Wellington Paulista avalia calendário e partidas sem torcida: “Vai parecer um jogo amistoso"

Em 2020, atacante do Fortaleza entrou em campo 11 vezes e marcou três gols

Legenda: Com 36 anos, Wellington Paulista é um dos líderes do elenco tricolor
Foto: Bruno Oliveira / Fortaleza

Os atletas do Fortaleza retomaram os treinos presenciais em junho e ainda aguardam uma definição sobre o retorno das competições. Líder do elenco e um dos mais experientes, o atacante Wellington Paulista cobrou dedicação para enfrentar a maratona de jogos que se aproxima.

“A gente começa um ano sabendo onde e quando vai terminar. Esse ano, acho que se a gente tiver umas férias, vai ser de curto tempo, parecido com a Europa, só Natal e Ano-Novo. É saber que esse ano é atípico e se propor a ajudar (o clube). Ficamos muito tempo parado e o calendário tem que se espremer para a gente jogar. Se souber como jogar e treinar, vai conseguir”, explica.

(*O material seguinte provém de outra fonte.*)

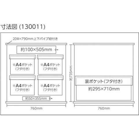 ・上下パイプ・ひも付・裏面収納用ポケット×1ヵ所・A3サイズ用ポケット(横)×2箇所・A4サイズ用ポケット(横)×3箇所
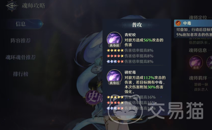 作为控制类的魂师,其技能附带有强制的强攻能力,在武魂真身的状态之下,独孤雁对敌人造成的中毒效果可以恢复自身的武魂值,可以说独孤雁对敌人造成越多的低buff,其真身的恢复效率也就越高,并且如果敌人身上带有中毒的debuff效果,独孤雁可以对敌人造成更多的伤害,所以她的伤害倍率基本上依靠着一次特殊技能一次普通攻击的伤害结算。
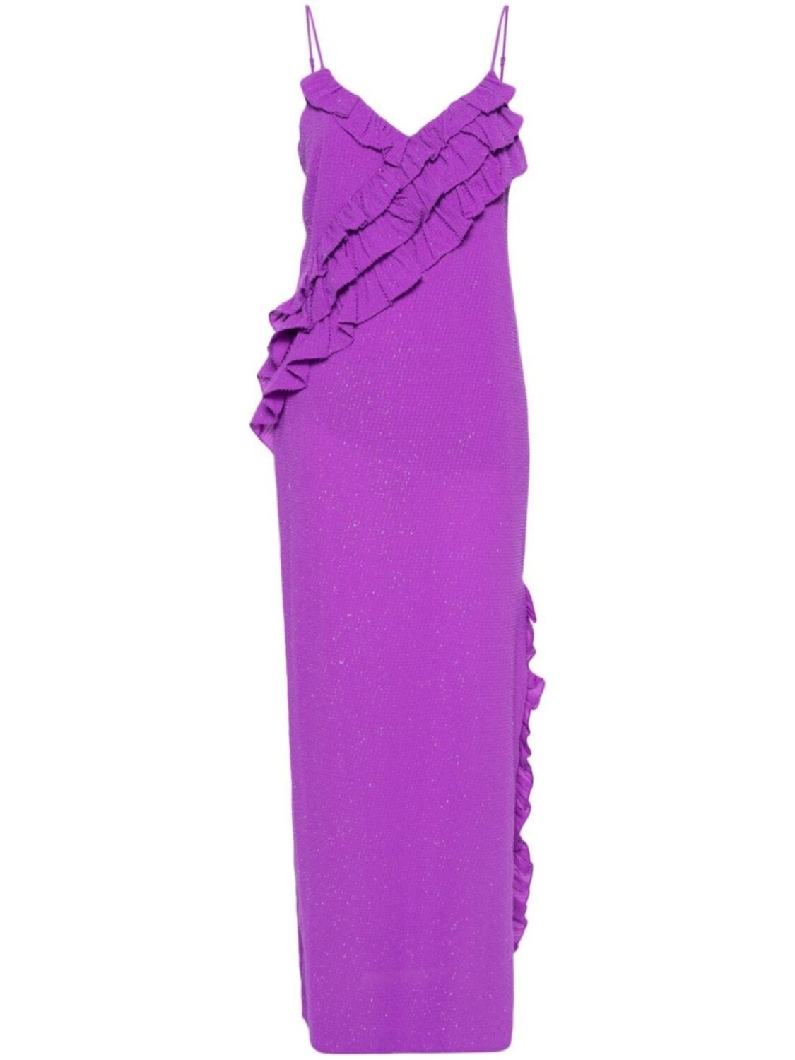 Подробнее о товаре: • темно-фиолетовый • креповая текстура • отделка в технике fil-coupé • защипы • деталь с блестками • оборки на воротнике • серебристый металлический логотип сзади • V-образный вырез • регулируемые тонкие бретели • без рукавов • боковой разрез • прямой подол • частичная подкладка
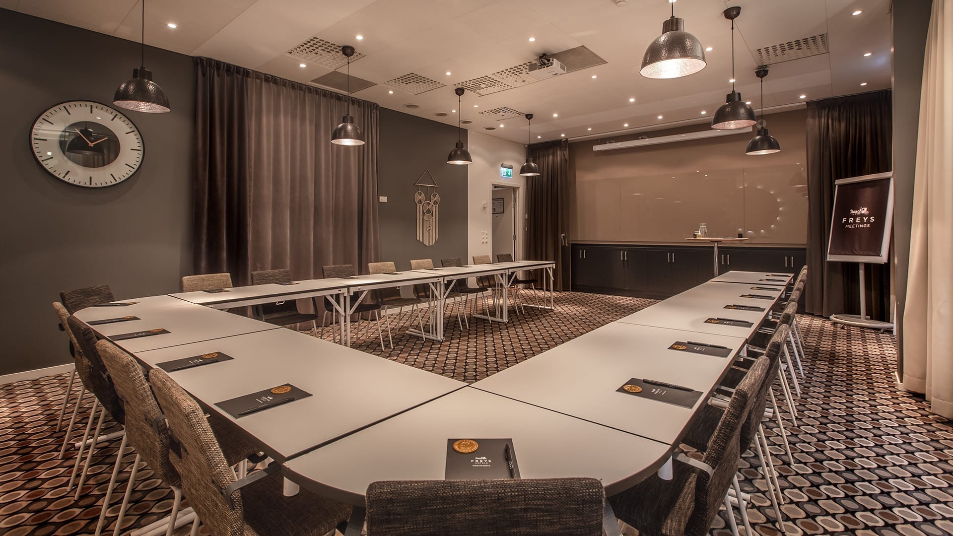 På Freys Hotels mysiga konferensavdelning finns nio unika konferensrum och inget är det andra likt. Våra lokaler är designade för att passa din agenda. Här arbetar ni ostört, oavsett om ni är två eller 50 personer. Hos oss finns möjlighet att boka hela konferensvåningen om 220 kvm, för upp till 150 personer. Välkommen till oss för möten, events eller arrangemang i exklusiv avskildhet.
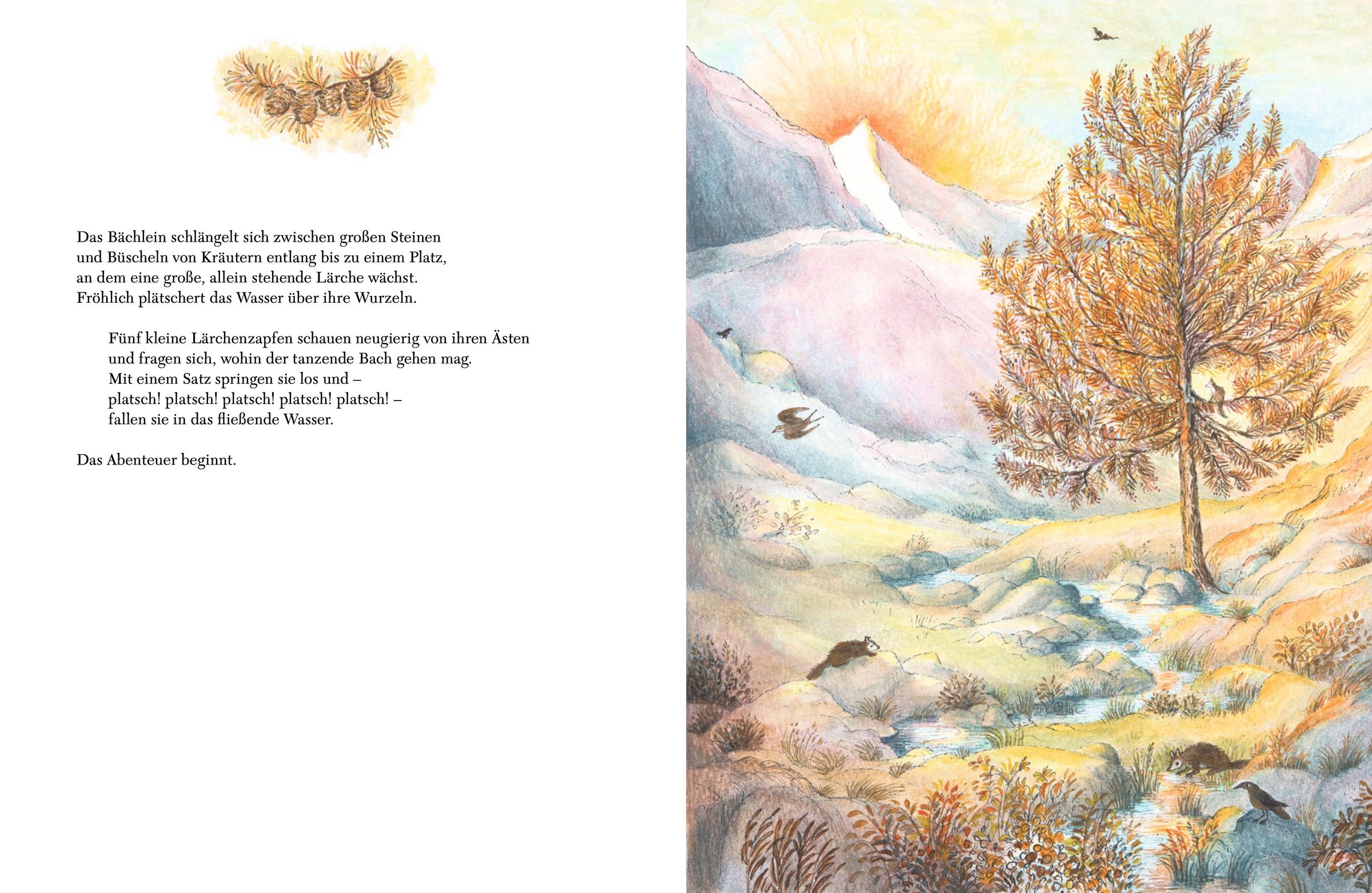 Hoch oben in den Bergen plätschert Wasser aus einer Quelle. Aus dem Rinnsal wird ein Bach, der munter zu Tal fließt und fünf Lärchenzapfen auf eine abenteuerliche Reise mitnimmt. Sie überwinden Wasserfälle, durchqueren Täler und Städte, und immer wieder entdeckt einer der Zapfen einen Ort, wo es ihm gefällt und er ein Zuhause findet. Bevor der letzte Zapfen auf das endlose Meer hinaustreibt, spült ihn eine Welle ans Ufer. Was wird er dort erleben?
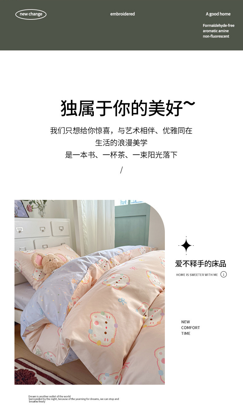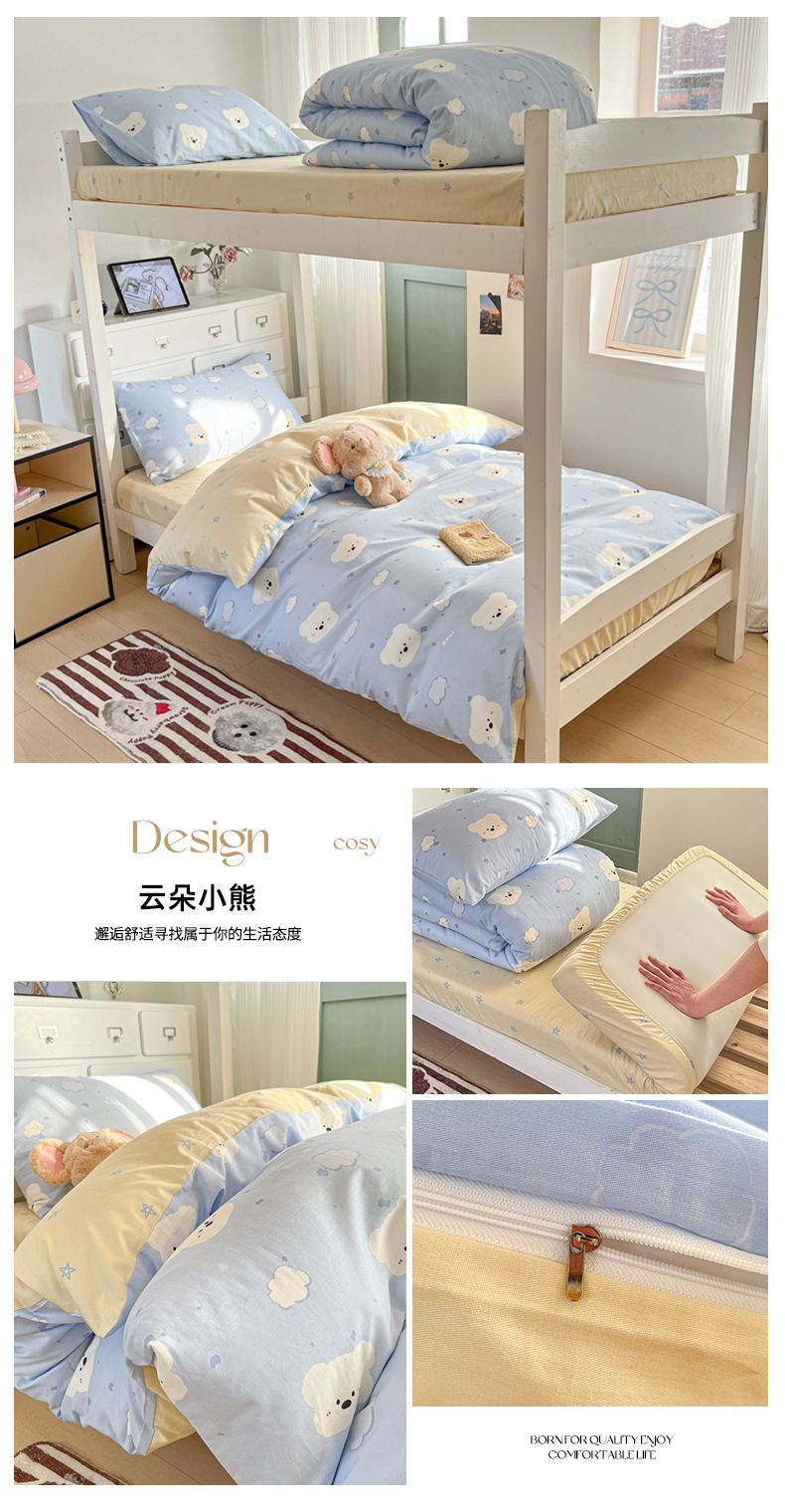 当前位置: 91家纺网 > 商品网购 > 床品套件 > 三件套 > 寻米 2025新款13070全棉水洗棉学生三件套 小猫球球
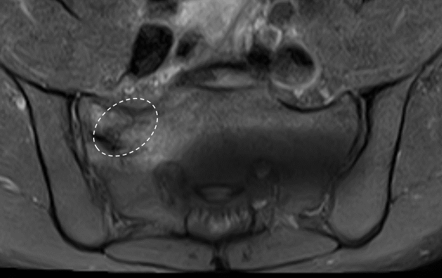 Osteitis pubis is a condition that may occur when the symphysis pubis joint is subjected to excessive stress or instability, either directly, or as a potential consequence of dysfunction in the SI joints. For example, dysfunction in the SI joints may contribute to broader pelvic girdle instability, which can in turn place increased stress on the pubic symphysis. This ongoing mechanical strain may result in inflammation and discomfort in the joint, potentially contributing to further pelvic instability.
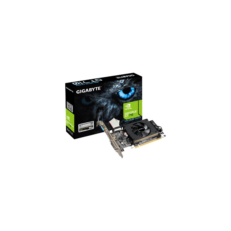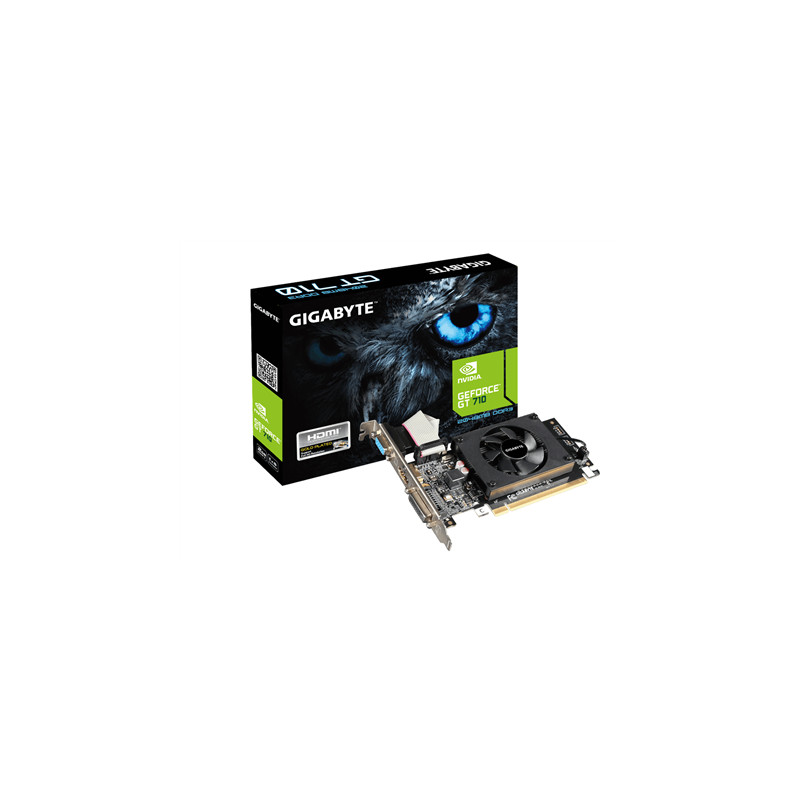 Gigabyte | GV-N710D3-2GL 2.0 | NVIDIA | 2 GB | GeForce GT 710 | DDR3 | Cooling type Active | DVI-D ports quantity 1 | HDMI ports quantity 1 | PCI Express 2.0 | Memory clock speed 1600 MHz | Processor frequency 954 MHz | VGA (D-Sub) ports quantity 1
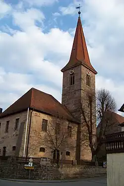 - Die Kirche St. Bartholomäus wurde 1487 erbaut. Bauliche Veränderungen stammen aus den Jahren 1692 und 1869 (neues Langhaus). Von der spätgotischen Ausstattung ist noch das Sakramentshäuschen (1487) vorhanden. Es wurde 1913 wie der Altar aus dem 18. Jahrhundert von einer späteren Übermalung befreit. Das Altarbild schuf 1869 Friedrich Kaulbach.
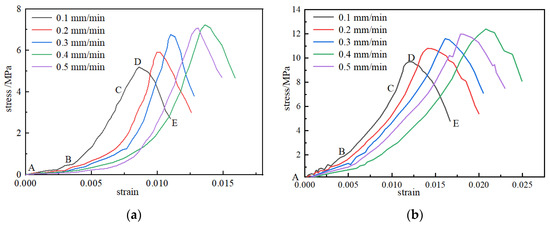 The stress–strain curves of the briquette and consolidation samples under different loading rates are shown in Figure 3. The stress–strain curves of the briquette and consolidated samples showed similar trends of change. Microdefects such as micropores and microcracks occur in briquettes, and the appearance of the compaction stage in the figure also confirms the existence of such microdefects. It can be seen from the figure that the stress borne by the consolidated body in the compaction stage (AB) was higher than that of the briquette sample, but the stress–strain curve of the briquette in the compaction stage was relatively slow, and the range of the elastic stage (BC) was shorter than that of the consolidated body. Because the internal pores and cracks of the sample were compressed during the compaction stage, resulting in slow deformation, some of the internal pores and cracks of the consolidated body were squeezed during the initial loading, and the volume of the pores and cracks that could be squeezed was reduced after grouting reloading, the briquette compaction stage was relatively slow. After grouting, the grout filled the holes and cracks, cemented the coal body, improved the cementation degree of the sample, and enhanced the strength of the sample. Under loading, the elastic deformation increases slowly, so the elastic stage is long. In the pre-peak failure stage (CD), the sample gradually reached the stress bearing limit under the continuous action of stress. At this stage, the sample slowly reached the stress peak and gradually exhibited macroscopic failure. In the post-peak failure stage (DE), when the stress of the sample reached the peak value, the stress decreased with loading, and the failure of the sample intensified. However, the stress of the consolidated body decreased relatively slowly compared to that of the briquette sample, which means that failure occurred slowly. The reasons for this trend are that grouting improves the integrity of the sample, the slurry and coal are cemented together, and the cementation ability of the sample is enhanced. As the loading continued, cracks caused by the failure of the sample were generated slowly, which was shown as the gradual loss of bearing capacity and the gradual instability of the sample.

Legenda: Conhecido como WP9, o atacante tem 36 anos e ainda é o mais perigoso do Fortaleza
Foto: Thiago Gadelha / SVM

Na atual temporada, o centroavante entrou em campo 11 vezes, somando três gols. Aos 36 anos, ressaltou estar em boa forma física e pediu motivação nos duelos sem torcida - medida adotada durante a pandemia de Covid-19.

“Não temos noção de quando voltar a jogar, de quando fizer um gol, ou qual vai ser a emoção do momento. Vai parecer um jogo amistoso, depender da nossa motivação, do nosso querer se motivar. E quando não tem torcida, um campo neutro, depende muito da gente, como vamos nos motivar no campo de jogo. Temos que entrar motivados para suprir essas ausências”.

Para a sequência do calendário, o clube tem pela frente o Estadual e a Copa do Nordeste, além dos inícios de Série A do Brasileiro e Copa do Brasil. Apesar do volume de torneios, o governador Camilo Santana (PT) reforçou que não há data para a autorização de partidas de futebol no Estado.

Confira outros pontos da entrevista

Receita para a temporada
“A receita do sucesso foi o companheirismo. A gente sabe que a disputa interna é bem acirrada, da capacidade técnica de todo mundo, e o Rogério (Ceni), com o revezamento, nem todo mundo tem vaga garantida. Então tem que mostrar futebol todo momento e a receita é trabalho e companheirismo, se não tivesse confiado não tinha chegado onde chegou”.

Rotina de treinos
“Fisicamente, estou muito bem. Na pandemia, arrumei um campo de futebol e eu, Osvaldo e o Ederson treinamos separados no campo de futebol da casa dele. A gente só descansava no sábado e domingo, e conseguimos treinar, continuar fisicamente bem, e voltar com os treinos presenciais sem sentir tanto na parte física”.

Reflexão na pandemia
“Nesse tempo de pandemia, acho que a família ajuda bastante e eu particularmente fiquei em casa esses dias com a minha esposa, ela me ajudou muito com essa parte de socialização. A gente aprende muita coisa e acaba ajudando, aprimorando o psicológico, tendo discernimento, sabendo o que tem que fazer quando sair de casa. Espero que eu consiga corresponder muito bem”.